Assigned task: Write the listing below out again word for word, without a single picture.

Data segment:
- Opening Delimiter -

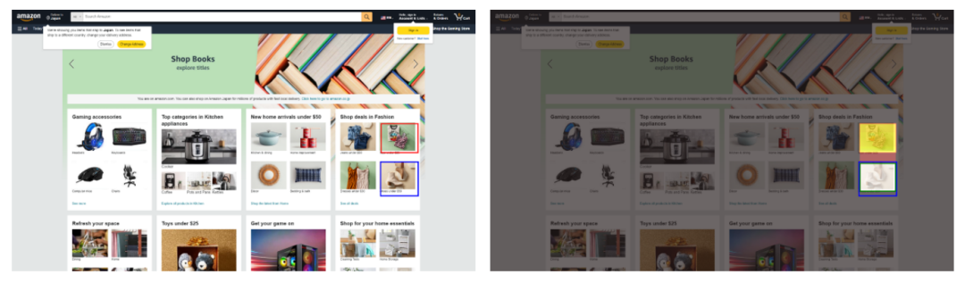 在一个电商界面里,用户指令要求GUI智能体在时尚购物区中查看低于50美元的鞋子(图片中蓝色方框框选的区域),而在贪心解码策略下,模型却被相近的语义与版面布局迷惑,错误地框选到了“低于25美元的上衣”区域(左侧图片中红色方框框选的区域),这是典型的语义错配导致的误导性幻觉。
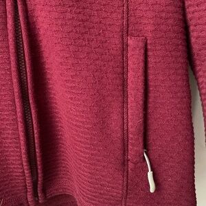 Very stylish women’s jacket. Textured material in a beautiful burgundy color. Light weight, no liner but it feels like a fleece material. Zippers on the pockets and sleeves have a thumb hole. Like new condition (no stains, no rips).
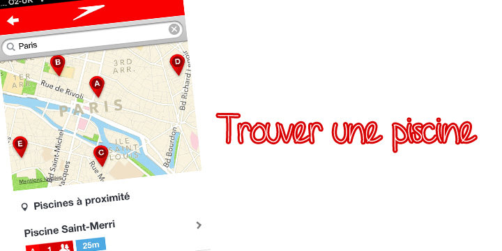 Cette toute nouvelle application (disponible depuis hier sur l'App Store) permet, entre autres, de trouver une piscine par géolocalisation automatique, ou par ville (territoire français exclusivement). L'application renseigne notamment le type de bassin (extérieur/intérieur) ainsi que sa longueur (25m/50m).
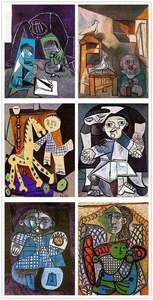 克劳德和帕洛玛都是毕加索与同居情人弗朗索瓦丝?吉洛特所生,认识吉洛特时,毕加索62岁,吉洛特21岁,她当时还是个青年女画家。在他们同居时期,可以说一家四口,幸福美满,从一些流传下来的照片上看,充满了生活的情调,同时,毕加索为他们创作了一大批风格各异的作品,艺术家的情感满满一缸。

- Closing Delimiter -

Output below:
 在一个电商界面里,用户指令要求GUI智能体在时尚购物区中查看低于50美元的鞋子(图片中蓝色方框框选的区域),而在贪心解码策略下,模型却被相近的语义与版面布局迷惑,错误地框选到了“低于25美元的上衣”区域(左侧图片中红色方框框选的区域),这是典型的语义错配导致的误导性幻觉。
 Very stylish women’s jacket. Textured material in a beautiful burgundy color. Light weight, no liner but it feels like a fleece material. Zippers on the pockets and sleeves have a thumb hole. Like new condition (no stains, no rips).
 Cette toute nouvelle application (disponible depuis hier sur l'App Store) permet, entre autres, de trouver une piscine par géolocalisation automatique, ou par ville (territoire français exclusivement). L'application renseigne notamment le type de bassin (extérieur/intérieur) ainsi que sa longueur (25m/50m).
 克劳德和帕洛玛都是毕加索与同居情人弗朗索瓦丝?吉洛特所生,认识吉洛特时,毕加索62岁,吉洛特21岁,她当时还是个青年女画家。在他们同居时期,可以说一家四口,幸福美满,从一些流传下来的照片上看,充满了生活的情调,同时,毕加索为他们创作了一大批风格各异的作品,艺术家的情感满满一缸。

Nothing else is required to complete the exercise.